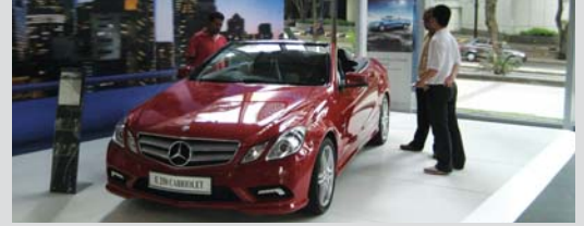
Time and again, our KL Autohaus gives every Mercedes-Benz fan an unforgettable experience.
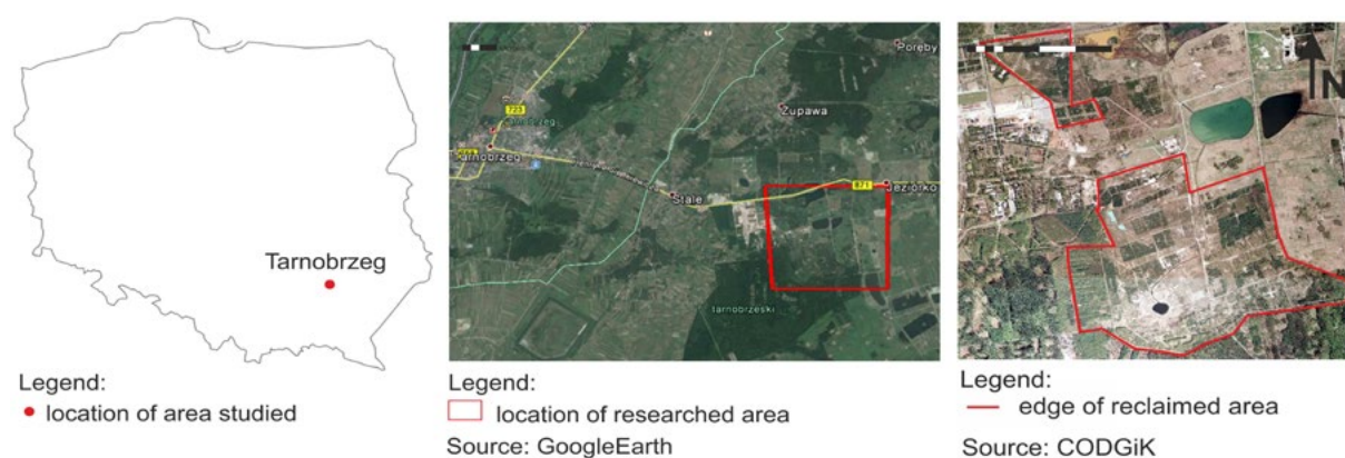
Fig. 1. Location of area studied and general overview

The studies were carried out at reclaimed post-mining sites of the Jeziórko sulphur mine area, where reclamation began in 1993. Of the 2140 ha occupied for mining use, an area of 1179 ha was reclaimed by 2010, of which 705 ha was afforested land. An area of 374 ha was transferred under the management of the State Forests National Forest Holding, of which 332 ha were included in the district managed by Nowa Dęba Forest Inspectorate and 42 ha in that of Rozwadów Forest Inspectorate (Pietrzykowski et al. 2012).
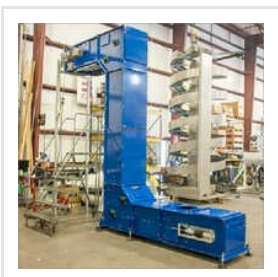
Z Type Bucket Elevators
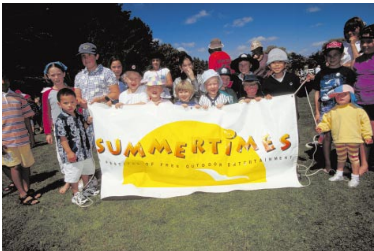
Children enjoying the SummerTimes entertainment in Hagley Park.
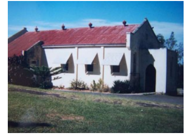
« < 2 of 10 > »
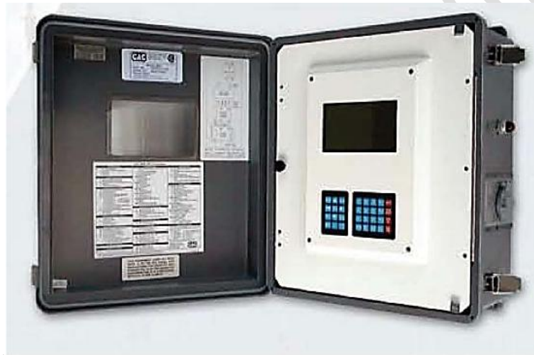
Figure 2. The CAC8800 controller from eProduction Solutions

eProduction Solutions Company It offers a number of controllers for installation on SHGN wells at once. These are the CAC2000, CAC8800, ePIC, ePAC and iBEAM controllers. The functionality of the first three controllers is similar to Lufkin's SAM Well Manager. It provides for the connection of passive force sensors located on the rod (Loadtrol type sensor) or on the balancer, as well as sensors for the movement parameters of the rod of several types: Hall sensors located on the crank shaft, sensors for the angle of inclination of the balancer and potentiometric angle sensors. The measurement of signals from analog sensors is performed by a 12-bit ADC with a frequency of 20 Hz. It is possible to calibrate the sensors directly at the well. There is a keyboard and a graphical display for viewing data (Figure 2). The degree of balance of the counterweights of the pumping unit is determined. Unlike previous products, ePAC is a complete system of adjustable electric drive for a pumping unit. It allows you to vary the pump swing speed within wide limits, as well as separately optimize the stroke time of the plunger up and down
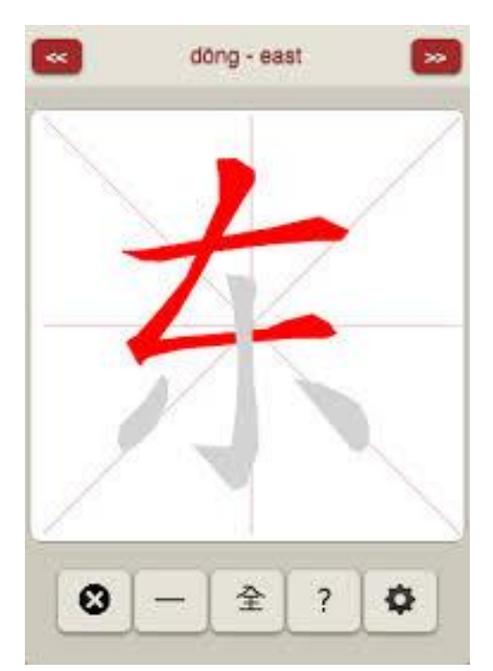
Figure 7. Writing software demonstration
· · · ·
Exercise details: Only one stretch of the listing is wanted: the lines starting at the one with "Z Type Bucket Elevators" and ending at the one with "Figure 2. The", copied exactly and free of pictures.

Answer:
Z Type Bucket Elevators
Children enjoying the SummerTimes entertainment in Hagley Park.
« < 2 of 10 > »
Figure 2. The CAC8800 controller from eProduction Solutions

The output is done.